Переход от ритуала к истории сопровождается признанием реальности Другого, выработкой персональной идентичности в процессе диалектического сопряжения «я» и «не-я», рефункционализацией негативной самоотнесенности, используемой отныне индивидом, который отстаивает свою автономию от непрoшенных проникновений в нее извне. Древнее иносознание выталкивается в новых условиях на бессознательный уровень, на котором оно – в сновидениях, в невротическом и психотическом поведении – делается театром одного актера, приватным достоянием субъекта. Раз смысл неотрывен от нас, он отрицает наше самостное значение, наше самообладание либо эксплицитно, как в мифоритуальном социуме, либо имплицитно – в персональных фантазиях, плодящихся в бессознательном слое историзованной психики. Психоисторическая теория, усматривающая в шаманизме обрыв естественного отбора, уступившего себя господству невротиков и психотиков над прочими особями, модернизирует примордиальное общество, вменяет его участникам патологичность, которая будет (императивно) сопутствовать становлению личной оригинальности. Но если нет «я» кроме «не-я», то выживание сильнейших замещается отнюдь не властью аномального над психическим здоровьем, а ритуальной сотериологией, ставящей себе сверхчеловеческую задачу: дать выжить миру.

Обсуждая в Пятом семинаре («Образование бессознательного», 1957—1958) фрейдовскую теорию остроумия, Жак Лакан говорил о том, что игра словами имеет прелюдией «умаление смысла» («peu-du-sens»). Тот, кто разгадывает каламбуры, испытывает наслаждение, потому что ему удается приобщиться к знакам, утверждаемым Другим («имени Отца», в терминах Лакана), то есть удовлетворить свое желание, адресованное в инаковость. Думается, что словесные шутки берут разгон в отступлении не от смысла, а от значений знаков, пускаемых в смеховой оборот. Смысл рождается на выходе острот, как он подытоживает развертывание и любых фикциональных текстов  – ценных вне зависимости от референтного содержания. Тексты, деидентифицирующие изолированные значения, не стали бы семиотическим фундаментом социокультуры, если бы на ее заре человек не захотел отречься от самости. Мифы закрепляют это отречение в максимуме, отнимая рутинную данность у бытия, показывая его появление (не разумеющееся само собой), выводя его из небытного или пропуская через ничто, через зияние. Восприятие текстов приносит наслаждение, ибо убеждает реципиентов в том, что референтная пустота семантически не пуста, и, стало быть, внушает им надежду на отменяемость смерти.

2.

Противореча мифоритуальному прошлому, исторический человек лишает абсолютное отрицание его былой начинательности. Ничто теперь не столько инициирует все, сколько синхронно сополагается сущему, перемещается в настоящее. Современность омнипотентна. Вбирая в себя нуль, она обрекается на неравновесность, обрушение, но перспективируется при этом не в ничто, а в сверхсовременность, претендующую на то, чтобы увековечить себя. Ведь если ничто не обладает всепорождающей мощью, у него нет и права завершать хроногенетический ряд. Вместо нуля на горизонте развития из сегодня в завтра просвечивает инфинитность. Сообразно раннехристианскому учению, современность – период ожидания, обещающего Второе пришествие Спасителя. Модернизм (то есть время истории) спасает, вразрез с ритуалом, не бытие, а себя – как футурологический проект. Сдвиг пустотности в настоящее имеет множество последствий. Я остановлюсь только на некоторых.

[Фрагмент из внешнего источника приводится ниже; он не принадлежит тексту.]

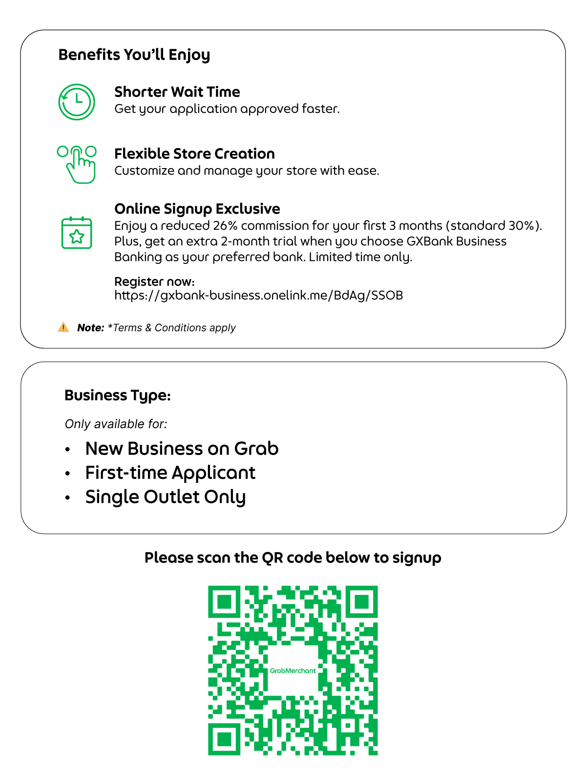 For multiple outlets application or should you require more information, kindly submit your enquiry via the form below:

Одно из них состоит в том, что creatio ex nihilo превращается из общеопределенной негации в частный случай, разыгрывающийся здесь и сейчас, как, например, любовь с первого взгляда. Именно в своей партикулярности начинательное ничто вызывает трансформацию мифа в фольклор и литературу, которые нацеливают внимание на индивидуальные судьбы, придавая им дисконтинуальность, привнося в них сюжетность, завязывающуюся в непредсказуемых событиях. Опоязовская теория автоматизации и деавтоматизации художественных форм эстетизирует регенерационный ритуал, сокращает его дееспособность так, что он подчиняет себе не более чем план выражения в сообщениях о не более чем возможных мирах.

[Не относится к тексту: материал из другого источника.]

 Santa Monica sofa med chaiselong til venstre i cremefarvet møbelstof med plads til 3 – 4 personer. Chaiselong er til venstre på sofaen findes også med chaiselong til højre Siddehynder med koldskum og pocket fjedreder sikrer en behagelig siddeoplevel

Будучи осовремененным и предвещая наступление панхронии, аннулирование проявляет себя в качестве сугубо деструктивной силы, ничтожащей чье-то пребывание в бытии. Творение из ничто преобразуется в reductio ad nullum. Такого рода сведение существующего на нет напоминает люстративные обряды, но и разительно отличается от них тем, что рассчитывается на однократность, которой предписывается открыть дорогу в грядущее, где уже не придется повторять однажды проведенную «чистку». Только смысл и втягивает нас в социокультурные катастрофы. Якобинский и большевистский террор или «окончательное решение еврейского вопроса» подготавливали действительность к скачку в утопическое состояние. В свою очередь, утопии списывают со счетов любой предшествовавший им общественный порядок, обвиняемый в несовершенстве.

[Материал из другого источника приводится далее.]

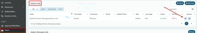 2. Locate the desired user and click the view icon (eye) in the Actions column.

Поскольку современность агрессивна внутри себя, автодеструктивна, homo historicus находит приемы, с помощью которых он оберегает смысл от опустошения. Так, обещание, которое нетрудно взять назад, закрепляется на письме, выливается в договор между партнерами, обобщаемый политфилософией (уже у Эпикура) и возводимый ею в едва ли не главный социогенный фактор. Закономерно, что современность оказывается в своем подходе к прошлому полем борьбы, в которой забывание (оно было невозможным в архаической социокультуре) вступает в конфликт не просто с памятью, а с активным архивированием, старающимся воспрепятствовать образованию провалов и темных мест в знании истории о себе. История – механизм самосознания. Оно было концептуализованo Гегелем на прогрессистский лад. На самом деле история в своей установке на авторефлексивность постоянно заботится о том, чтобы не впасть в амнезию. Активное консервирование того, чему грозит исчезновение и что и впрямь подвергается аннулированию, колеблется в широких пределах, простирающихся от выработки Античностью мнемотехник до следственно-бюрократическиx разысканий, бывших необходимыми для реабилитации жертв тоталитарных режимов. История пытается компенсировать, пусть хотя бы косвенным путем, даже как будто невосполнимые потери. Таковы, скажем, реконструкции несохранившихся лент раннего немого кино по газетным рецензиям, анонсам и другим следам, оставленным пропавшими фильмами. Настоящее, в котором разверзаются пустоты, проецирует, таким образом, в прошедшее свою неистребимую будущность. Чем сокрушительнее взрывы, случающиеся в социокультуре, чем более она насильственна, тем продуктивнее ее творческая элита, компенсирующая распад в цепи исторической преемственности, – достаточно указать в этой связи на русское искусство начала ХХ века, отреагировавшее на две революции (1905, 1917) с чрезвычайной и смелой плодотворностью.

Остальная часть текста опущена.